Er hat in Martin Frecht einen würdigen Nachfolger gefunden. Der Rat hatte sich vorher bei "Berühmtheiten" dafür umgesehen. Die zwinglianische Richtung wurde bald verlassen, wohl nicht zum Schaden Ulms. Ein Bild Sams gibt es nicht, von ihm, der die Bilder aus der Kirche tun ließ.
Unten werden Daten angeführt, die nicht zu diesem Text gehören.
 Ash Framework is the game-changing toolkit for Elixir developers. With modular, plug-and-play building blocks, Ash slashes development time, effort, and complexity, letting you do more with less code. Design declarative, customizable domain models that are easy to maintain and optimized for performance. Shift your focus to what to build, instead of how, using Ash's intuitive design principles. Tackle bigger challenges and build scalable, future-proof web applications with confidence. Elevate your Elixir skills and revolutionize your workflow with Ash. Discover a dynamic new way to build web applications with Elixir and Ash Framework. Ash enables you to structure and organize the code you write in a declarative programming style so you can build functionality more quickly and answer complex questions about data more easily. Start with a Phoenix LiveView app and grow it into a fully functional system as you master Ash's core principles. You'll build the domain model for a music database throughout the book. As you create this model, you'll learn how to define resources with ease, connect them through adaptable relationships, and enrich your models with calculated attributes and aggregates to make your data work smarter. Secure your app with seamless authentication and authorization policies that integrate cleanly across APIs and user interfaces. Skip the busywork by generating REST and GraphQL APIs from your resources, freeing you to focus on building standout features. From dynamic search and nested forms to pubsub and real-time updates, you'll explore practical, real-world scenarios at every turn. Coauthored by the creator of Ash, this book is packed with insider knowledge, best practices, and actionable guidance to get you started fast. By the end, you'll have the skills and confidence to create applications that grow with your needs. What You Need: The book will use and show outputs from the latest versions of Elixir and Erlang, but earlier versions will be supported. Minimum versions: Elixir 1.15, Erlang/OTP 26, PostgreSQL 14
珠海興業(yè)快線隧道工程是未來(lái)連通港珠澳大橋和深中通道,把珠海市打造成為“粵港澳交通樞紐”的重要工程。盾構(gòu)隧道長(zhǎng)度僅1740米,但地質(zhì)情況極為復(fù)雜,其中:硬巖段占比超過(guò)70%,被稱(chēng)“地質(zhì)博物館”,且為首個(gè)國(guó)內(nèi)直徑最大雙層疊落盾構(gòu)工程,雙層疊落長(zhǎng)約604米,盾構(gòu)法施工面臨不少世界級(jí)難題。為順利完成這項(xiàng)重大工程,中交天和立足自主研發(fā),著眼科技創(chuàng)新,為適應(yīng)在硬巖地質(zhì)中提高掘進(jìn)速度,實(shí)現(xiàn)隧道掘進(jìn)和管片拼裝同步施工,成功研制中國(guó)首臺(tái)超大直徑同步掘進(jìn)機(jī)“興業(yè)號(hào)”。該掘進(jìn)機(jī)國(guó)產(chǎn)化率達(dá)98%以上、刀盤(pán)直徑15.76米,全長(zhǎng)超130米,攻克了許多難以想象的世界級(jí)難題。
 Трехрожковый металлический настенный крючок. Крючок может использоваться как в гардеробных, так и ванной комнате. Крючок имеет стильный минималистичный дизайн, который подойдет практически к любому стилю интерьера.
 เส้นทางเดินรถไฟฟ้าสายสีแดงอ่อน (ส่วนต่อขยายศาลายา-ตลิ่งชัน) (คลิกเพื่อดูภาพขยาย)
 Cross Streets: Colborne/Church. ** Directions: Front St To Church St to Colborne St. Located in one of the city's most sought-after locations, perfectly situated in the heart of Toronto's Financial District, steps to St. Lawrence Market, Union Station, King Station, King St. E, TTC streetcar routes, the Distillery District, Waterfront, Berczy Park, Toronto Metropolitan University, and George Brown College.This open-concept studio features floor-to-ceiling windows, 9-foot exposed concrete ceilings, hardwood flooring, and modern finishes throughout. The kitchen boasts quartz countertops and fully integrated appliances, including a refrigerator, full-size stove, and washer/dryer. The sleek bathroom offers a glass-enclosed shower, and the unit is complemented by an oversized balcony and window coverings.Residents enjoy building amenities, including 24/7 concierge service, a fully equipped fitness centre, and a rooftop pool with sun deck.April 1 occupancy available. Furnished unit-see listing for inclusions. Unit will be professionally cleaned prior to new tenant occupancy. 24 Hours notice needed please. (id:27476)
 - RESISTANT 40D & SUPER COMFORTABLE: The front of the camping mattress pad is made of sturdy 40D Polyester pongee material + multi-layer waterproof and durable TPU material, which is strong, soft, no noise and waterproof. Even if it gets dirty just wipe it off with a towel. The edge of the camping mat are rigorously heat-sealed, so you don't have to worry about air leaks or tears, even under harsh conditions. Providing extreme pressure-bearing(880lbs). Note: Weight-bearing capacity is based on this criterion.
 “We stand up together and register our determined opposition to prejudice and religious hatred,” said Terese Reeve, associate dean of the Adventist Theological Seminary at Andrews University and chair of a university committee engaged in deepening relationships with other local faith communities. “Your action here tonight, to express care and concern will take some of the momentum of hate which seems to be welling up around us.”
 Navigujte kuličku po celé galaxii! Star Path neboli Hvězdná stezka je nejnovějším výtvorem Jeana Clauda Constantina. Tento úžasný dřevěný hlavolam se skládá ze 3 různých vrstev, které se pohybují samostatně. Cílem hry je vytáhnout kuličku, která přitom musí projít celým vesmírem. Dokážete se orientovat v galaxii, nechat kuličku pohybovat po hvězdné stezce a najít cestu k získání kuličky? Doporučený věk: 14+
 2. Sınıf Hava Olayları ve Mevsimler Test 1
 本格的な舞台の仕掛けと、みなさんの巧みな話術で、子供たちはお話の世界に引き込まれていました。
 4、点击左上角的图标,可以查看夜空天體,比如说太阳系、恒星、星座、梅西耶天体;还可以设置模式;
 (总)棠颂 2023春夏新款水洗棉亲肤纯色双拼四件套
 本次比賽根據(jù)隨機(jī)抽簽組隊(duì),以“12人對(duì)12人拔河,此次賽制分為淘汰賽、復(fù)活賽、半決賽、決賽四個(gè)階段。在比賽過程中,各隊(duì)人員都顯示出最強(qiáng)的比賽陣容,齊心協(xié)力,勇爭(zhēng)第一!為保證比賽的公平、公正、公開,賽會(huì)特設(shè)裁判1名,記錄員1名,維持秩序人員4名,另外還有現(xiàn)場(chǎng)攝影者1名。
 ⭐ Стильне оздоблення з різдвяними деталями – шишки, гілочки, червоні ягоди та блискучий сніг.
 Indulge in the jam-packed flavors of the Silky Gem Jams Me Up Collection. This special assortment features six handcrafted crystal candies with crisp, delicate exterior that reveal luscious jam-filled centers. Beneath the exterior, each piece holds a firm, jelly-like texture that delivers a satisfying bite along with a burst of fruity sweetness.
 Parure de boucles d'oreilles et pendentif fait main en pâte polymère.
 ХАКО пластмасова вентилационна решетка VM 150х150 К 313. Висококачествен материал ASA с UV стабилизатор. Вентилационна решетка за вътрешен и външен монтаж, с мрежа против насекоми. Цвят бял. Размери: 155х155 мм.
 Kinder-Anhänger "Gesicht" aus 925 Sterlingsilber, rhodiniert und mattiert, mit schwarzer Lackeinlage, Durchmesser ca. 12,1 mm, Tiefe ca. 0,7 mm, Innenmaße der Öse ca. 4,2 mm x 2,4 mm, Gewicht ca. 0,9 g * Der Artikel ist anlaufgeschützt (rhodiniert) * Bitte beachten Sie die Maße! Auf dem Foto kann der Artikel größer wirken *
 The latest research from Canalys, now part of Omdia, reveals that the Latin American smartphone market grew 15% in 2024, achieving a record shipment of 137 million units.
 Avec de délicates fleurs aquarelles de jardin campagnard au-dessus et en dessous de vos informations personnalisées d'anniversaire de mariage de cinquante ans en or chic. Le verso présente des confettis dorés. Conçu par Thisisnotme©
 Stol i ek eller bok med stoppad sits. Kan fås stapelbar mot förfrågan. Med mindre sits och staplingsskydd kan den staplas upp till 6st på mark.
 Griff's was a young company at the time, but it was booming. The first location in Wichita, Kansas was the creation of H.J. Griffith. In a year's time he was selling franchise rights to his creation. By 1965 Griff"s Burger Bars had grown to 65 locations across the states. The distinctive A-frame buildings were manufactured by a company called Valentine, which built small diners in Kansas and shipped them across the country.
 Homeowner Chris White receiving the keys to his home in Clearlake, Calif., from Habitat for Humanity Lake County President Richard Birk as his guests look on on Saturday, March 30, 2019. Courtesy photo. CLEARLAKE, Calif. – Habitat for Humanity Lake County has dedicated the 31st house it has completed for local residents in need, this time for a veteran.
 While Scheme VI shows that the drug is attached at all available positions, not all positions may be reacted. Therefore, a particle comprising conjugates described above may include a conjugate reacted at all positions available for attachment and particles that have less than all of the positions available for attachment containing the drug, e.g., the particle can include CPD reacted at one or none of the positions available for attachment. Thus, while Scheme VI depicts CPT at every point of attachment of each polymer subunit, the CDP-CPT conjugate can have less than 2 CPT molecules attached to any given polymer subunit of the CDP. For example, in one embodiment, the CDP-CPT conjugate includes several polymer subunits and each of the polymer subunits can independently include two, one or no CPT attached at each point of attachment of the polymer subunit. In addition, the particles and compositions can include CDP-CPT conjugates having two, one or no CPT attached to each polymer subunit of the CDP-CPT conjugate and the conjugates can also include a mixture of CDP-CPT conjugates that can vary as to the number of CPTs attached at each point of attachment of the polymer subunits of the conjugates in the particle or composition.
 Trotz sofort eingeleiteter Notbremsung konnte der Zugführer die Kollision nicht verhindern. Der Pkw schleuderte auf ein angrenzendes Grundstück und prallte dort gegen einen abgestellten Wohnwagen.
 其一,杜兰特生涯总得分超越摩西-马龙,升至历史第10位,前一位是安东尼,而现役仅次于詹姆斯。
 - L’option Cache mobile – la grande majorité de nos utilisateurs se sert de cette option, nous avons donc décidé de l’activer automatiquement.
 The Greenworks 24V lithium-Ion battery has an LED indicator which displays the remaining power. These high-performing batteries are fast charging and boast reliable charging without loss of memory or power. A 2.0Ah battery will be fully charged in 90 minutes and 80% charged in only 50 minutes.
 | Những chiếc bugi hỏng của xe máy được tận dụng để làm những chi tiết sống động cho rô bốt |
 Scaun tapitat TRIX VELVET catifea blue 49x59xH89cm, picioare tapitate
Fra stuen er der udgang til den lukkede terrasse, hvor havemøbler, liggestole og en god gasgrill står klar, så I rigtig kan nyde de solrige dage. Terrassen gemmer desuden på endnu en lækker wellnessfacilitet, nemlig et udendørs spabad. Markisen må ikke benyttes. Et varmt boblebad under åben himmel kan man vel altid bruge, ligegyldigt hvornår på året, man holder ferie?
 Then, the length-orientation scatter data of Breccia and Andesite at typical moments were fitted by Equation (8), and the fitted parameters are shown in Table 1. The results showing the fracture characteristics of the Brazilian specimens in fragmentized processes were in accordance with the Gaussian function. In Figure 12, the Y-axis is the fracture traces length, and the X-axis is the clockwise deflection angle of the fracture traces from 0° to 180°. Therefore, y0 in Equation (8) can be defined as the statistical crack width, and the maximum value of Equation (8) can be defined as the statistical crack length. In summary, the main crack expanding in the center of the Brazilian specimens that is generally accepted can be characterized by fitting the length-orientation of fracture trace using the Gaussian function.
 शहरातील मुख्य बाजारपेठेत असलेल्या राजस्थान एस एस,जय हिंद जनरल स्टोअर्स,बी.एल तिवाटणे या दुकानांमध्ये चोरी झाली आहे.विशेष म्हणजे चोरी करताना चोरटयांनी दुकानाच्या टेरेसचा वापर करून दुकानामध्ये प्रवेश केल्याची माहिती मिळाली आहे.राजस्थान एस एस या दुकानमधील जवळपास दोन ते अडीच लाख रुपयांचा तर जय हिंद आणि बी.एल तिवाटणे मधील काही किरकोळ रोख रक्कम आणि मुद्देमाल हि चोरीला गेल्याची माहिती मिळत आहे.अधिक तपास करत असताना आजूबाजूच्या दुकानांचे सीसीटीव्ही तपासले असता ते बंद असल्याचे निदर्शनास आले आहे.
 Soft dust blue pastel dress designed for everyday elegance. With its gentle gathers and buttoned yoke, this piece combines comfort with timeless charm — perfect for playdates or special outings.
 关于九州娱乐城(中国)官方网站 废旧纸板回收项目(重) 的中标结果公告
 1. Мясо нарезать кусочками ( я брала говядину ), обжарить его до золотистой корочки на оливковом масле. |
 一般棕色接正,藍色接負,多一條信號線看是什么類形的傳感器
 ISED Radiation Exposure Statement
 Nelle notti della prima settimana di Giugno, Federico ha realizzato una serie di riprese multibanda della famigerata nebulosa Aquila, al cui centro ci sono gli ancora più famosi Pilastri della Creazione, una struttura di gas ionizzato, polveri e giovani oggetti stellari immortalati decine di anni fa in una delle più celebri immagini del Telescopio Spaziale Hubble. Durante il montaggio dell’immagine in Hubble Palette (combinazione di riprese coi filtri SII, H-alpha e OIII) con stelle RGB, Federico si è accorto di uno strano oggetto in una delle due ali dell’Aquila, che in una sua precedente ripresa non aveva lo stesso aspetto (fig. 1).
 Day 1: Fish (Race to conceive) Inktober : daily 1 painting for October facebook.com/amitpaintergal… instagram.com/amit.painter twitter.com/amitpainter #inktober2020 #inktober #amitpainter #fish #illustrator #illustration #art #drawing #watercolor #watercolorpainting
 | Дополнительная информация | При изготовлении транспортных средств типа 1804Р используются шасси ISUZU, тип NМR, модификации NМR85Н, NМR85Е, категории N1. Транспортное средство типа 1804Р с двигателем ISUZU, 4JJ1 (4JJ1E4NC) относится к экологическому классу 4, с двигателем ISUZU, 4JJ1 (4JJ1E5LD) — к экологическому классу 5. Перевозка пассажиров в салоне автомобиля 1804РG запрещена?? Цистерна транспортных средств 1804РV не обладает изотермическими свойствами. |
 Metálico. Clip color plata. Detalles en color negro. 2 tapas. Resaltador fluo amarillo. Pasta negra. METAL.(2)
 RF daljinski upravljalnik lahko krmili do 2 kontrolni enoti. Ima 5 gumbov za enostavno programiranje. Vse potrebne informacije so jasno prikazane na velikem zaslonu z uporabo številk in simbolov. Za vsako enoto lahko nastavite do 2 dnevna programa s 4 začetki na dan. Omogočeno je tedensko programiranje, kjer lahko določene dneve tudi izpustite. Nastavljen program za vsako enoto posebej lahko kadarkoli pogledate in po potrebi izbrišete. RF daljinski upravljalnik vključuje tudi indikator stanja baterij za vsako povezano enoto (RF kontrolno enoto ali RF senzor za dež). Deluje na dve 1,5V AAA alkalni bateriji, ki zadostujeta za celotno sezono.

Wie hat Sam sich innerlich gefühlt in den neun oft schweren Jahren seines Amtes? Als er um 1528 seine Schriften für das evangelische Leben herausgab, war darunter der deutsche Psalter in Gebetsform. Mag er auch in die religiöse Literatur der Zeit gehören, so ist doch auch ein persönlicher Ton zu hören, besonders im 120. Psalm, der hier für sein Anliegen stehen möge:

"In nöten.

Ach lieber Herre zu dir schrey ich in dieser meiner bekümmernis. Herr erhör mich / Herr erreth mich von den bösen meulern / und von den falschen zungen die dein wort schmehen / und mich umb deiner warhait willen die ich bekendt hab unnd gepredigt. Wee mir das ich unnder fremdlingen die nicht aus dir geporen seynd / muß wonen / da man dem fryd feind ist. O Herr hylf mir aus yhnen. Amen."